## The task
Copy word for word the lines of the records below, beginning at the one with "500kg & 1 Tonne Bulk Bags" and finishing at the one with "Inauguration Session of HAWAI -19", ends included, but none of the pictures.

Supplied material START

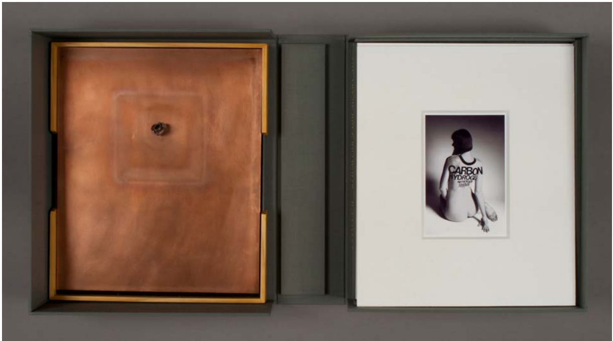
Left: Spent Bullet and right: Herself in the Element from BRADSHAW, 2003

Plain Air (1969-1991) is perhaps the most straightforward exploration of this paradox. This archival silver gelatin print captures the installation Bradshaw created by unleashing two mated pairs of birds in a room with a bicycle wheel hung from the ceiling and a Zen archer's target nailed to the floor, recalling Dada and Neo-Dada emblems. In their dynamic movements among these symbols of human achievement, the birds perform, most literally, the oscillation between the poles of nature and culture. A similar flux can be observed in another photograph, Herself in the Element (2002), which presents a nude with her back to the viewer, calling to mind Man Ray's Le Violin d'Ingres (1924). In place of Man Ray's F-holes, however, painted on the woman's back are the names of the chemical elements that compose the human body, in descending order by weight. The O around the woman's neck denotes oxygen, followed by carbon, hydrogen, and so on, with the words becoming progressively smaller until they appear illegible (at this scale). The image of the woman's back, which can be seen both to represent the unknowable ground of nature and to reference the Dada master's photograph, is layered with another ambiguous nature/culture oscillation: the linguistic representation of the biological elements that constitute a human being.
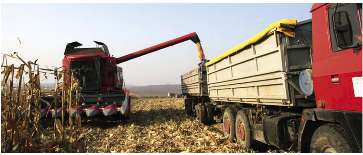
Harvest of grain maize in Velké Pavlovice

failure regarding the potential possibility of repayment of their claim, because after such sale, payment of rewards to the receiver in bankruptcy and similar payments, a very small part remains for the creditors, often even below 10 percent of their submitted original claim. After such intervention of the bankruptcy administrator, there is usually no chance for the company to continue its business and the employees are dismissed. Act No. 182/2006 Coll., the Insolvency Act, in its Section 316 on reorganisation stipulates that reorganisation usually means a gradual satisfaction of the claims of creditors while preserving the business operation of the enterprise based on the reorganisation plan approved by the insolvency court with continuous control of its implementation by the creditors.
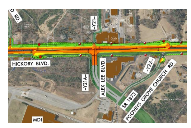
Figure 12: Superstreet design, July 2016 public hearing

NOTE: Alternative bolded and italicized is recommended by NCDOT
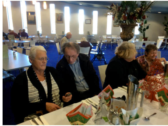
Table-hopping was a feature of the afternoon. It was great to see members not restricted by the placement of tables and chairs but moving freely around the room. At the Christmas Party, which will be here before we know it, I would expect to see even more movement between tables and courses. It all adds to the friendly, supportive atmosphere that permeates all occasions when members of the Canberra Lung Life Support Group get together.
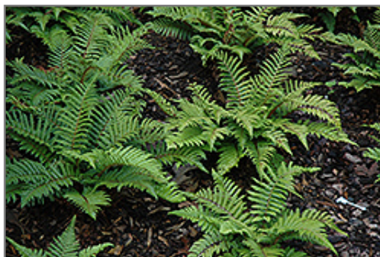
Japanese Tassel Fern

Japanese Tassel Fern is recommended for the following landscape applications;
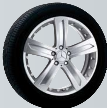
Klemola | 5-spoke wheel

Wheel: 8.5 J x 20 ET 60 | Tyre: 265/45 R20 B6 647 4212; not compatible with snow chains
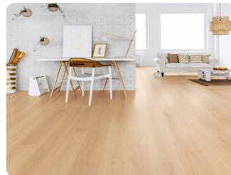
Niagara Falls GN6NF9
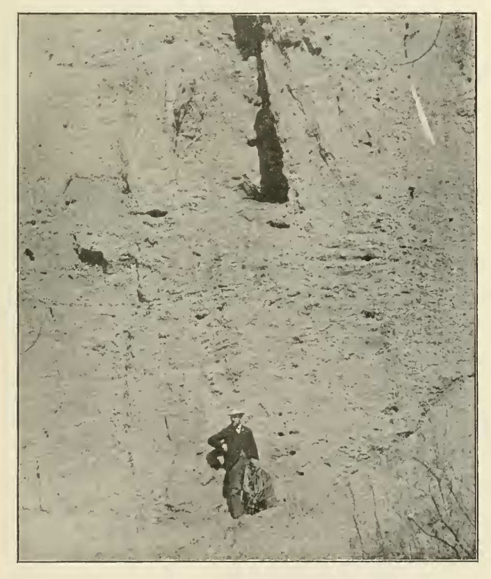
NESTING SITE OF WESTERN HORNED OWL—NEST IN THE CLEFT ABOVE THE MAN'S HEAD.

In the early part of May, 1901, while in Paonia, Delta county, Colorado, I heard of a nest of the Western Horned Owl. On the 8th we drove out there to investigate, and found the nest site in a cliff or bluff of adobe clay facing the west. The nest was 18 or 20 feet above the base of the bluff and as far or farther below its top. As we approached the place the old bird flew away.
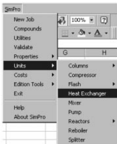
Fig. 3. SimPro menu.

Guthrie [7], updated by Marshall Swift's index (M&S) [7].
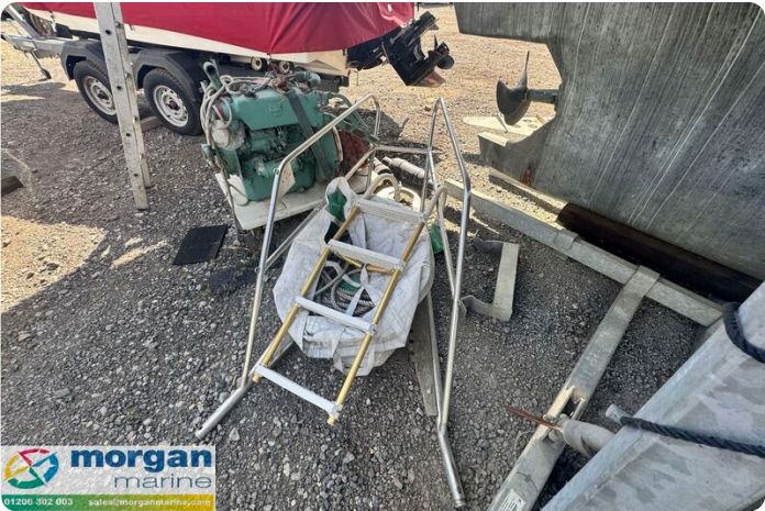
40ft Sailing Sloop yacht Project boat - ladder
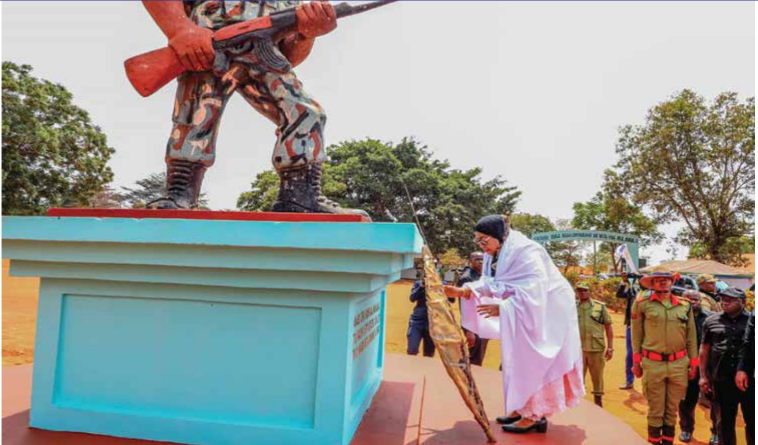
The President of the United Republic of Tanzania H.E. Dr. Samia Suluhu Hassan honoring memory of Majimaji War Heroes on 20th September 2024
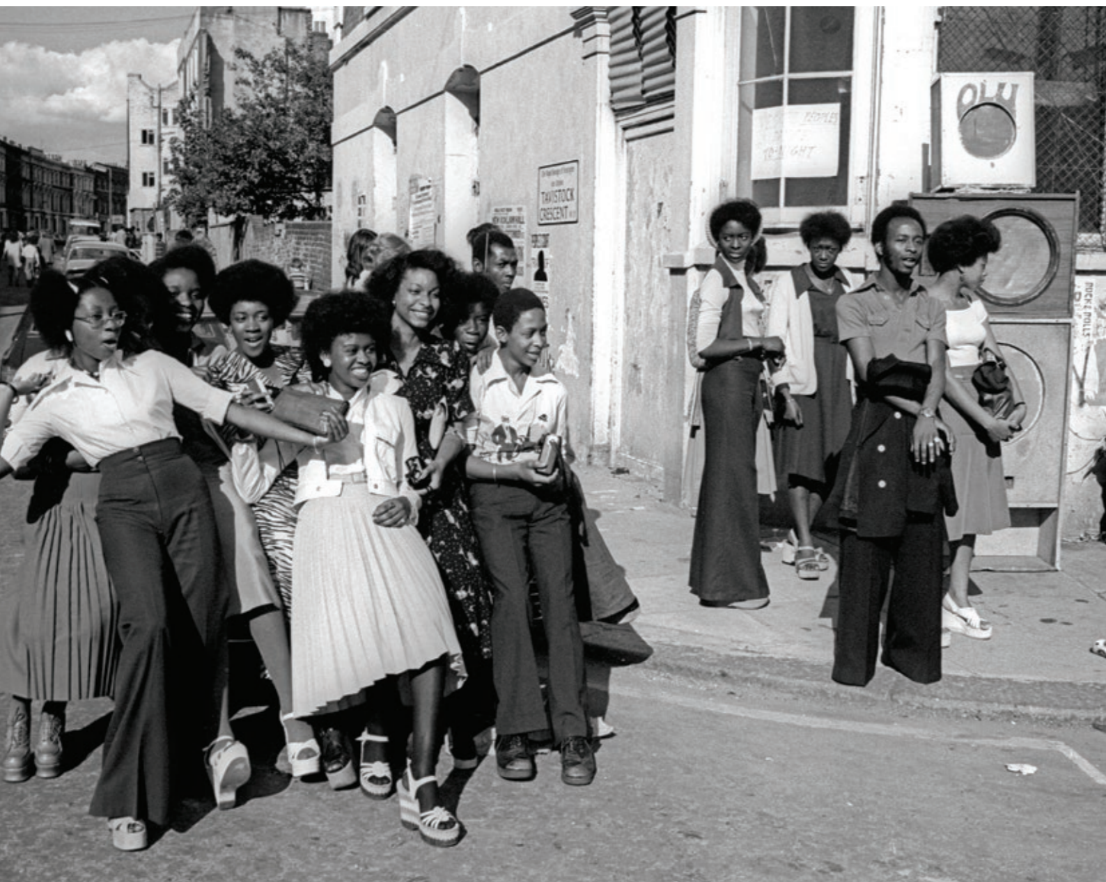
Below: Group of girls grooving on a corner at Notting Hill Carnival, London, 1975

CHRIS MULLARD, 2003 CITED IN MANN WEAVER DREW 2003: 55
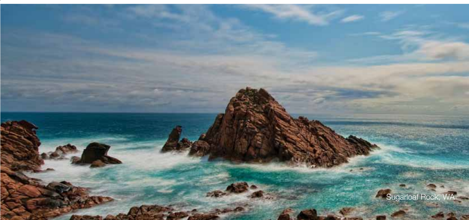
Sugarloaf Rock, WA
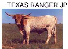
TEXAS RANGER JP
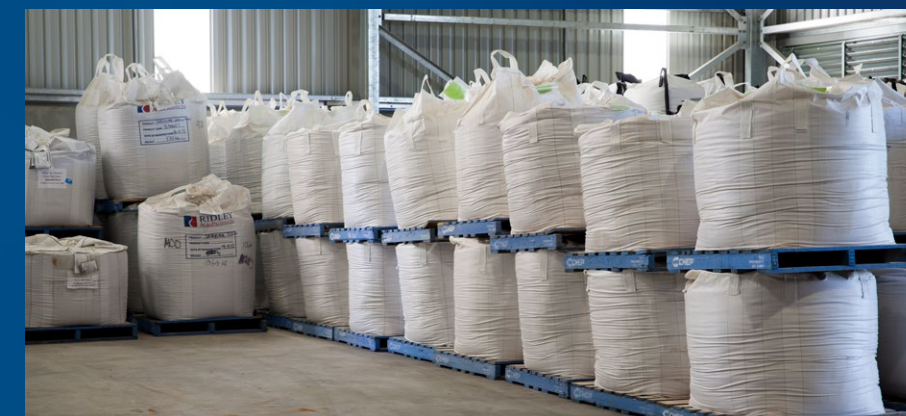
500kg & 1 Tonne Bulk Bags

We have the capability to customise feeds specifically for your horses.
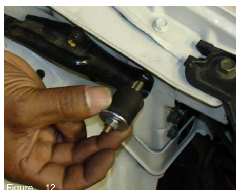
Take the vibra-mount and screw it into fender wall. Screw the vibra-mount into the fender wall until it sits flush with the bracket.
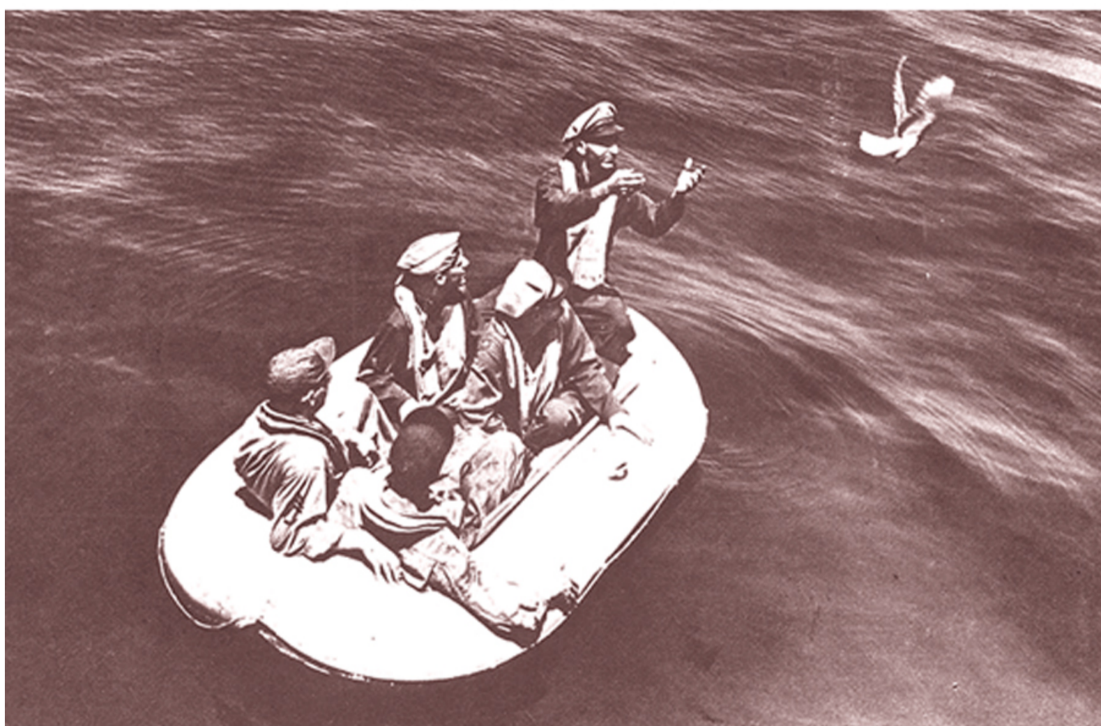
RUBBER ARK SENDS FORTH A DOVE. BOMBER CREWS, FORCED DOWN AT SEA, REPORT POSITION BY COURIER. A RADIO WOULD BETRAY THEIR LOCATON TO ENEMY SUBS
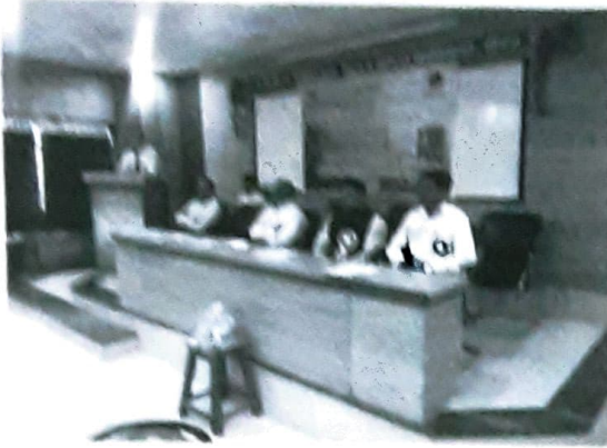
Inauguration Session of HAWAI -19
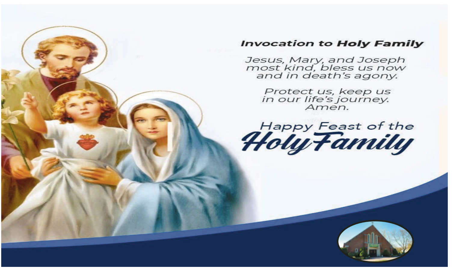
Please note, St. Jude the Apostle Church office is closed December 25th—Janaury 1st, 2024 Happy New Year to all our families!

42 Dana Ave ♦ Wynantskill, New York 12198 ♦ 518-283-1162 ♦ https://parishes.rcda.org/stjude
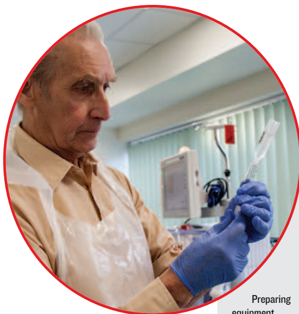
Preparing equipment for dialysis

2 York Teaching Hospital NHS Foundation Trust
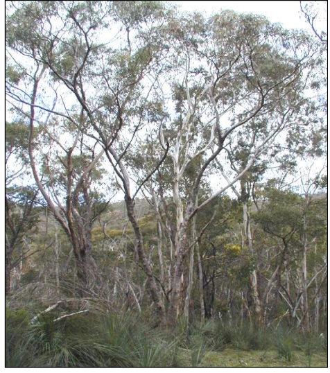
Plate 3- Tall open forest

The drainage lines are often permanently moist and support remnants of tall open E. leucoxylon, E. viminalis ssp. cygnetensis and E. obliqua forest (Plate 3), over an understorey of Xanthorrhoea semiplana, Acacia paradoxa, A. pycnantha, Dodonea viscosa and Hibbertia exutiacies. Pteridium esculentum and introduced grasses can be found on the higher slopes. Many of these trees are mature and contain nesting hollows for fauna, unlike the overstorey on the more accessible slopes, which is multi-stemmed coppice regeneration as a result of past timber cutting.
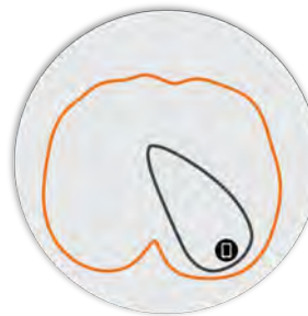
Figure 4. R350 2.4GHz Elevation Antenna Patterns
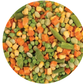
Mixed Vegetables (5)

Crinkle sliced carrots or diced carrots, cut green beans, peas, supersweet corn
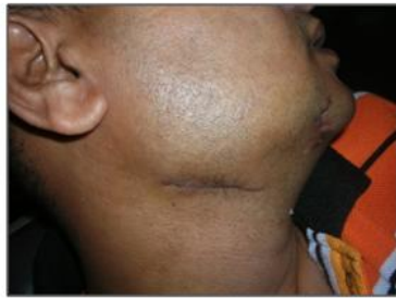
Figure 1d The scar seen in the submandibular region.
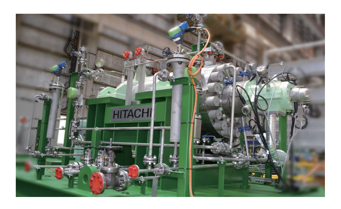
1 Medium-capacity injection pump
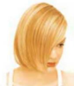
ARTec Color Depositing Shampoo

Original Publication Date: 05/20/2002 - Revised Publication Date: 04/22/11
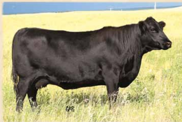
Lot 149 - Saskalta Blackbird 538T

FEMALE BTR 65D 1901311 MARCH 8, 2016 BW: 95 SIRE: MCC OLD POST 1Y
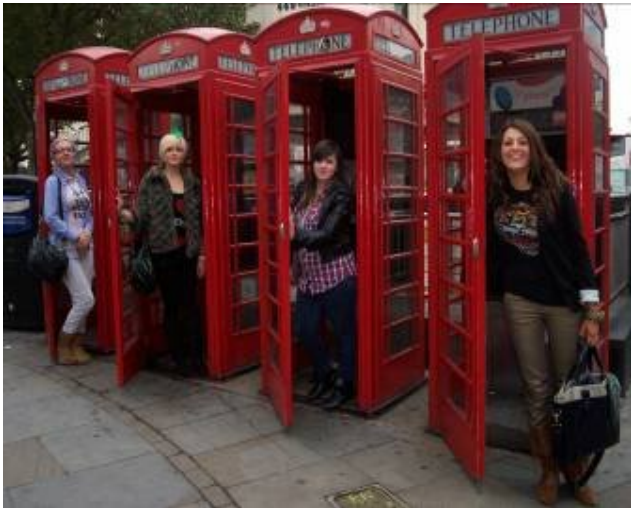
Textile students on visit to London
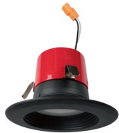
LSRE-3RB5CCTBL 3" Baffle Reflector, Black finish
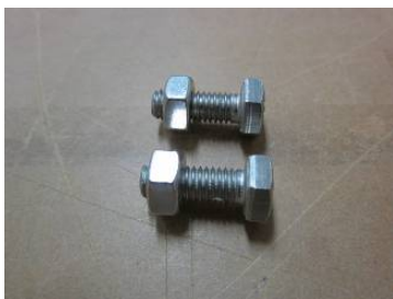
13. Stillwell M6x16 Screws & nuts installed on the top cap of the 6529G
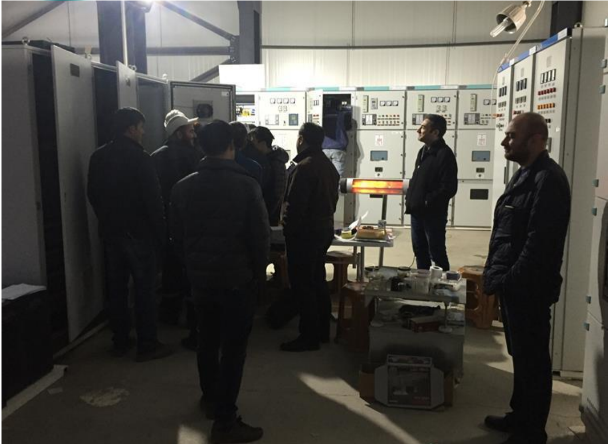
Electric Automation Commissioning
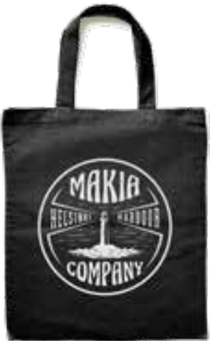
999 BLACK 100% COTTON
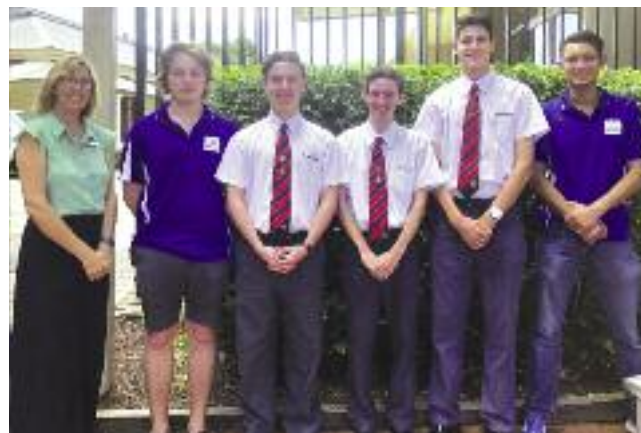
Student Leaders at Marist College Eastwood
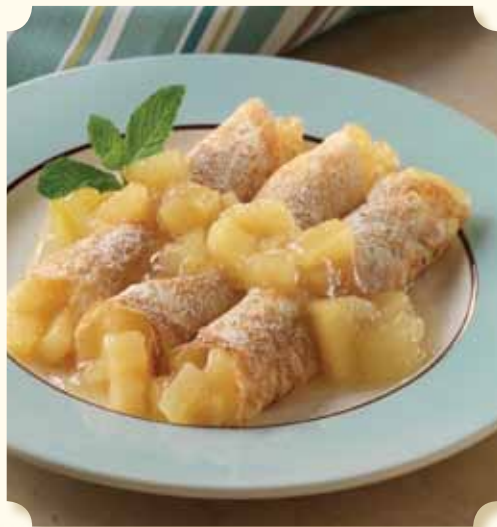
DICED APPLE Diced pieces of fresh-picked apple in a fine apple puree sparkled with hints of cinnamon and nutmeg.

Top desserts like ice cream and tarts, brighten breakfast standards like French toast and oatmeal, or plate one as a special accompaniment to a protein entrée. With Flav-R-Pac Fruit Topping, the possibilities are endless!
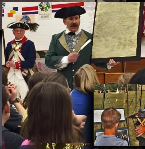
Stony Creek Elementary School, Noblesville, IN
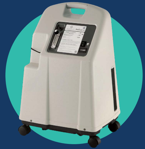
Platinum 10L Stationary Concentrator

Invacare will not be responsible for Tech Support for RESPI products after ~July 30th, 2023. The Ventec Service team will be fielding these calls.

Supplied material END

## Exercise answer
500kg & 1 Tonne Bulk Bags

We have the capability to customise feeds specifically for your horses.
Take the vibra-mount and screw it into fender wall. Screw the vibra-mount into the fender wall until it sits flush with the bracket.
RUBBER ARK SENDS FORTH A DOVE. BOMBER CREWS, FORCED DOWN AT SEA, REPORT POSITION BY COURIER. A RADIO WOULD BETRAY THEIR LOCATON TO ENEMY SUBS
Inauguration Session of HAWAI -19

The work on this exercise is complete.